> Work to complete:
Repeat each record below exactly, omitting whatever pictures appear in it.

[Task input]

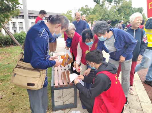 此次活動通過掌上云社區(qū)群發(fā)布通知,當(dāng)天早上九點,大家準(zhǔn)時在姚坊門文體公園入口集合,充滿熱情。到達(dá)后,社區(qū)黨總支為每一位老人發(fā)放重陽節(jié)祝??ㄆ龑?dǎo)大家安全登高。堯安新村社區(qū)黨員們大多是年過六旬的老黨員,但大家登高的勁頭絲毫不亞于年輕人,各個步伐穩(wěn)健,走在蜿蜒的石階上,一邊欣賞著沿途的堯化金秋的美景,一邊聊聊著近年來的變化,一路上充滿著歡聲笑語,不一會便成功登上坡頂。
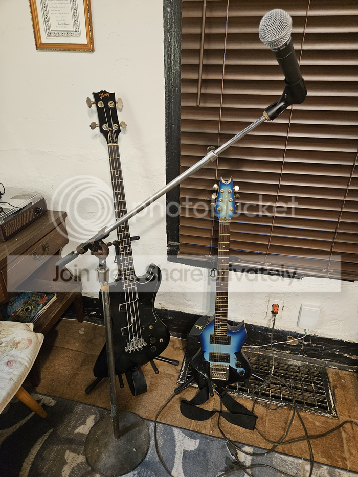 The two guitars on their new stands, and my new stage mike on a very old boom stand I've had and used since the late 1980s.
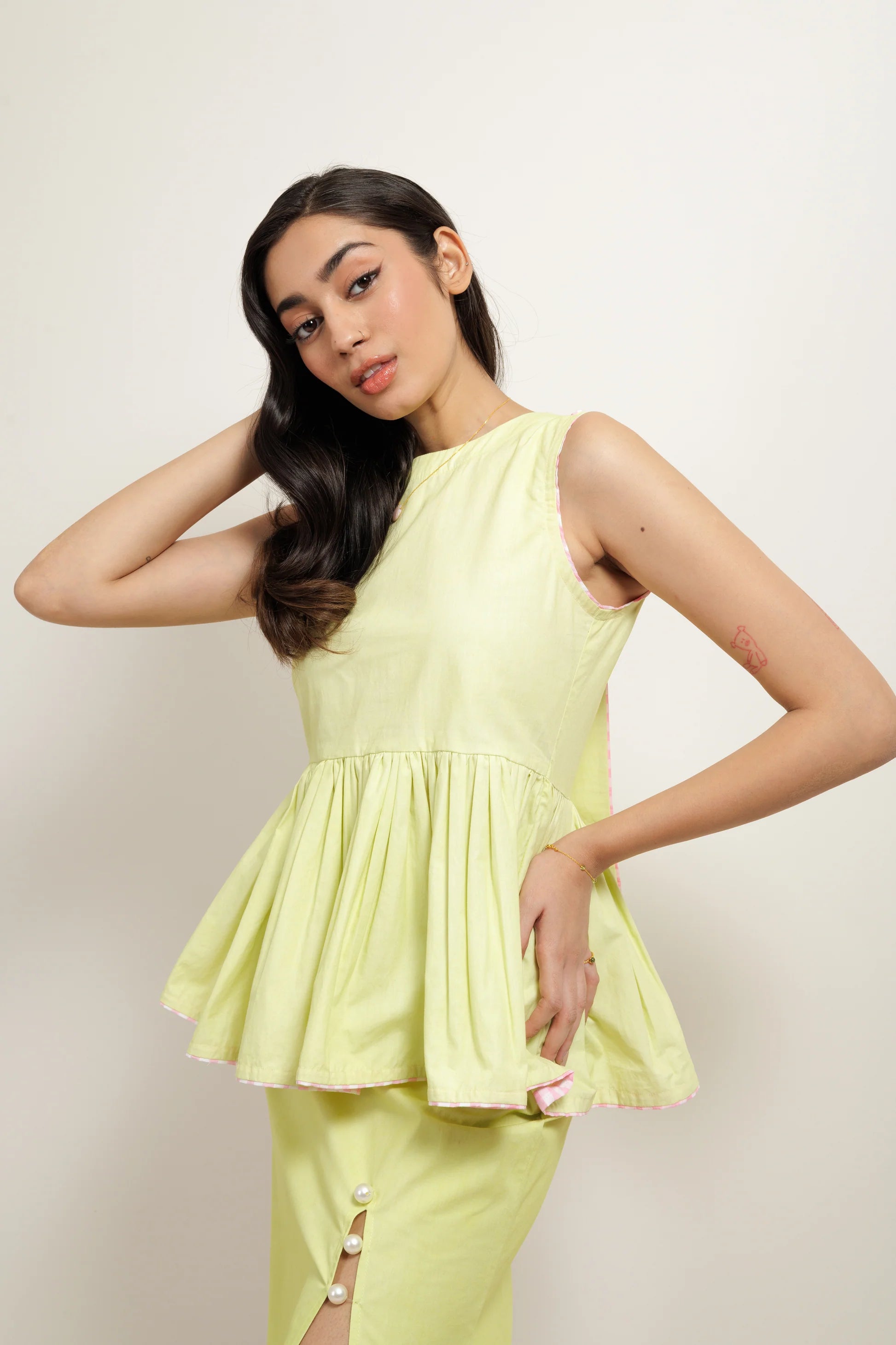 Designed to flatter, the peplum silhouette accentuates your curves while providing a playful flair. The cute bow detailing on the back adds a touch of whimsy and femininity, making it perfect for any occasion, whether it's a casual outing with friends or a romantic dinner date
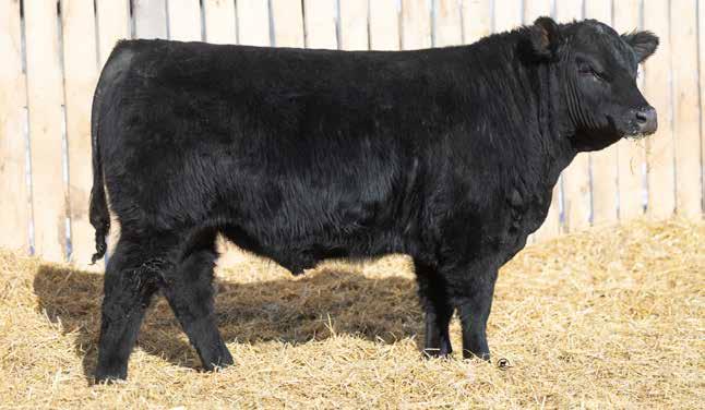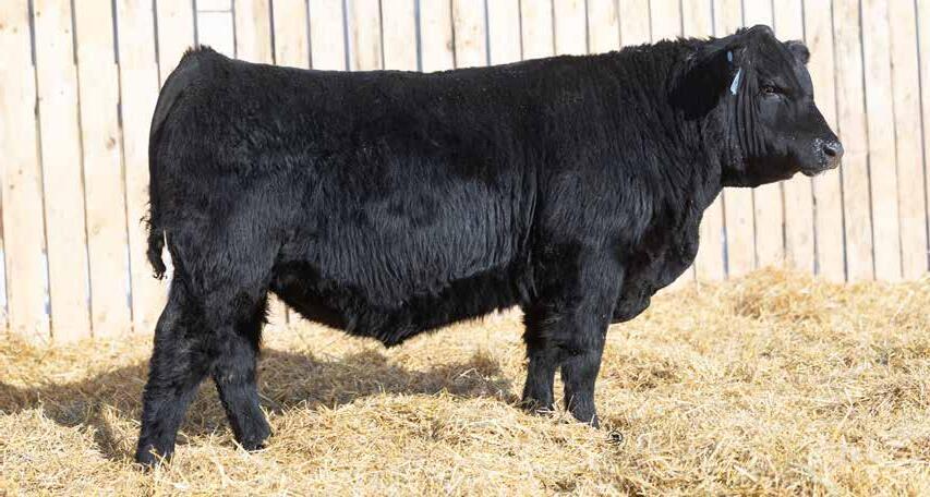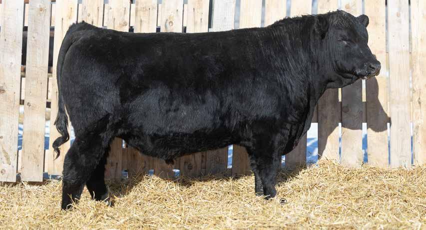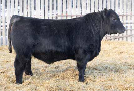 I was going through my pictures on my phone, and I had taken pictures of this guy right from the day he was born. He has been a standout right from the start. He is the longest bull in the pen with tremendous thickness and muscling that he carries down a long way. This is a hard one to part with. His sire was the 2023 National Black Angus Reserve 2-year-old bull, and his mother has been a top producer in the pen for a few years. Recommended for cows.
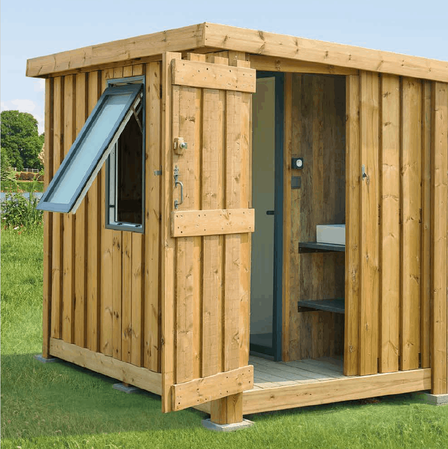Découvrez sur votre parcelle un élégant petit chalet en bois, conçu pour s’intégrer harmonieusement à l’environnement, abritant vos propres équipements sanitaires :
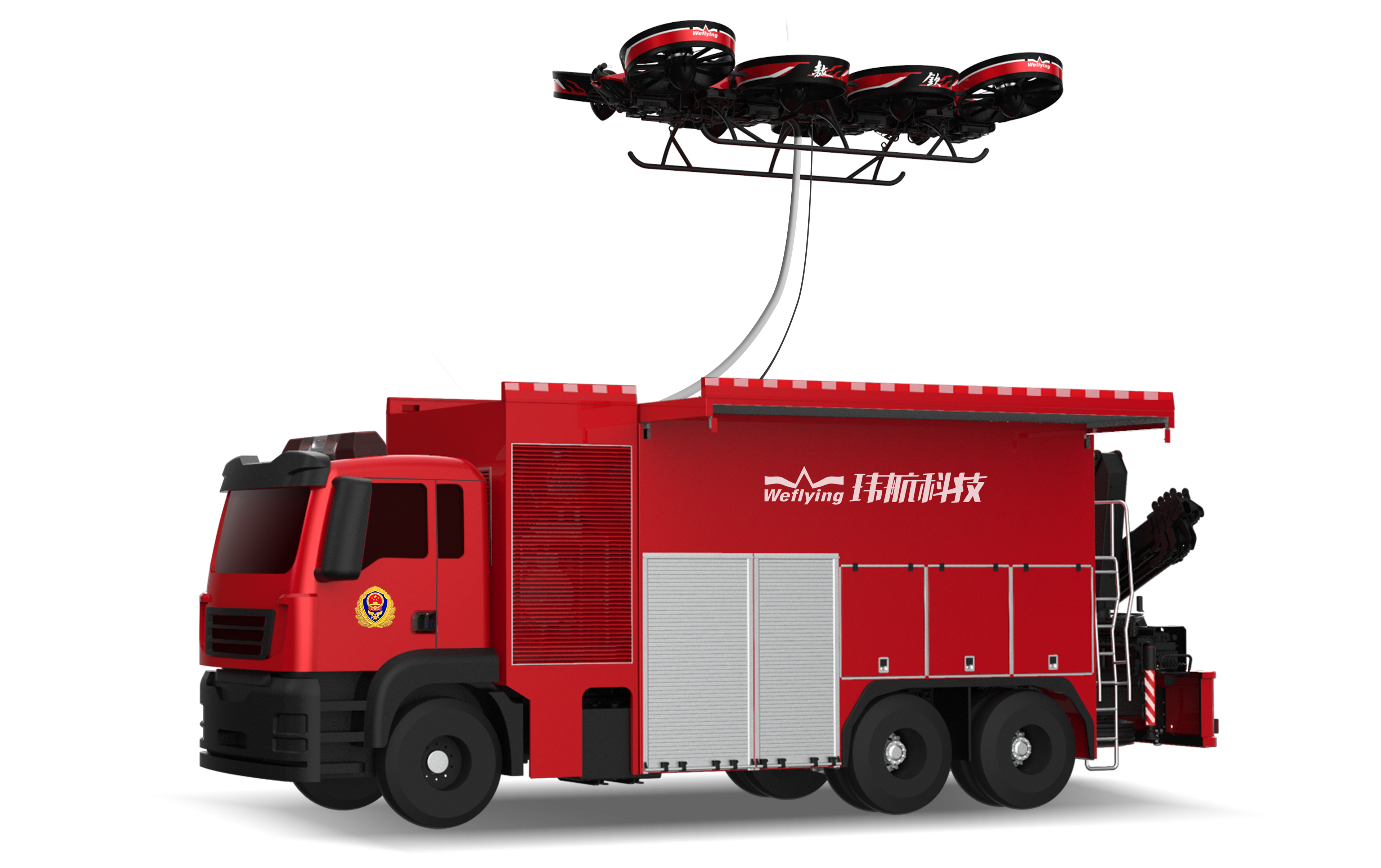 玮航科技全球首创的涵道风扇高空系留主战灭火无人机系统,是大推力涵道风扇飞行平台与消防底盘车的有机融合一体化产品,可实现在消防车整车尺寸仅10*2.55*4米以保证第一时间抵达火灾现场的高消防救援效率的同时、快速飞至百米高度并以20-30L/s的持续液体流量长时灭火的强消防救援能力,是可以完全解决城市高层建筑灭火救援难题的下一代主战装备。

[/Task input]

> Written reply:
 此次活動通過掌上云社區(qū)群發(fā)布通知,當(dāng)天早上九點,大家準(zhǔn)時在姚坊門文體公園入口集合,充滿熱情。到達(dá)后,社區(qū)黨總支為每一位老人發(fā)放重陽節(jié)祝??ㄆ龑?dǎo)大家安全登高。堯安新村社區(qū)黨員們大多是年過六旬的老黨員,但大家登高的勁頭絲毫不亞于年輕人,各個步伐穩(wěn)健,走在蜿蜒的石階上,一邊欣賞著沿途的堯化金秋的美景,一邊聊聊著近年來的變化,一路上充滿著歡聲笑語,不一會便成功登上坡頂。
 The two guitars on their new stands, and my new stage mike on a very old boom stand I've had and used since the late 1980s.
 Designed to flatter, the peplum silhouette accentuates your curves while providing a playful flair. The cute bow detailing on the back adds a touch of whimsy and femininity, making it perfect for any occasion, whether it's a casual outing with friends or a romantic dinner date
 I was going through my pictures on my phone, and I had taken pictures of this guy right from the day he was born. He has been a standout right from the start. He is the longest bull in the pen with tremendous thickness and muscling that he carries down a long way. This is a hard one to part with. His sire was the 2023 National Black Angus Reserve 2-year-old bull, and his mother has been a top producer in the pen for a few years. Recommended for cows.
Découvrez sur votre parcelle un élégant petit chalet en bois, conçu pour s’intégrer harmonieusement à l’environnement, abritant vos propres équipements sanitaires :
 玮航科技全球首创的涵道风扇高空系留主战灭火无人机系统,是大推力涵道风扇飞行平台与消防底盘车的有机融合一体化产品,可实现在消防车整车尺寸仅10*2.55*4米以保证第一时间抵达火灾现场的高消防救援效率的同时、快速飞至百米高度并以20-30L/s的持续液体流量长时灭火的强消防救援能力,是可以完全解决城市高层建筑灭火救援难题的下一代主战装备。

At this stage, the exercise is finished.